What we do: APIAHF works to ensure that all Americans have access to health coverage and quality care that they can afford and rely on, no matter where they come from or what language they speak.


Health coverage is a strong predictor of access to health care in the U.S. Health coverage rates vary widely among Asian Americans, Native Hawaiians, and Pacific Islanders. As a group, Asian Americans, Native Hawaiians, and Pacific Islanders are more likely to be uninsured than non-Hispanic whites. Specific ethnic groups face extremely high rates of uninsurance: In 2016, 14% of Nepalese Americans, 12% of Micronesians and 9% of Laotians were uninsured.




Despite improvements through the Affordable Care Act, Medicaid and CHIP, disparities within AA and NHPI communities remain due to varying degrees of poverty, immigration-based barriers, lack of cultural competency in the health care system, and language access barriers.

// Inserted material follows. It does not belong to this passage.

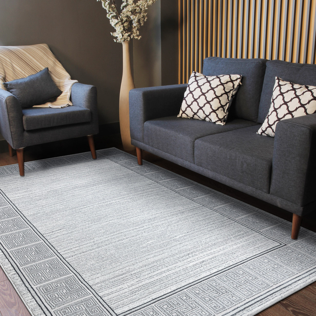 Kusový koberec Allure 8783 l.grey/white zaujme svou jednoduchou elegancí a čistým geometrickým designem. Bílý podklad doplňuje výrazná bordura s řeckým klíčem, která působí sofistikovaně a dodává koberci nadčasový vzhled. Minimalistické provedení dělá z tohoto koberce univerzální doplněk, který snadno sladíte s moderním i klasickým interiérem. Koberec je vyrobený ze směsi 60 % polypropylenu a 40 % polyesteru, takže je odolný a zároveň příjemně měkký na dotek. Dvě výšky vlasu vytvářejí jemný 3D efekt, který podtrhuje borduru i strukturovaný povrch a dodává koberci hloubku. Allure 8783 je ideální volbou do obývacího pokoje, kde se stane decentním a elegantním základem, do ložnice pro pocit klidu a harmonie, nebo do pracovny, kde podpoří seriózní atmosféru. Výška vlasu: 10 mm.

Immigration status is a major social determinant of health, impacting the type of coverage a person is eligible for and whether that person can access routine and preventive care. As a result, many Asian Americans and Pacific Islanders are locked out of public programs due to federal and state immigration restrictions. Nationally, 35% of noncitizens are uninsured, compared to 8% of naturalized citizens and 7% of native-born citizens.

In addition, many Asian Americans, Native Hawaiians, and Pacific Islanders that qualify for public programs remain uninsured because of language and cultural barriers in the enrollment process, misinformation about eligibility, and other family hardships such as food and housing insecurity.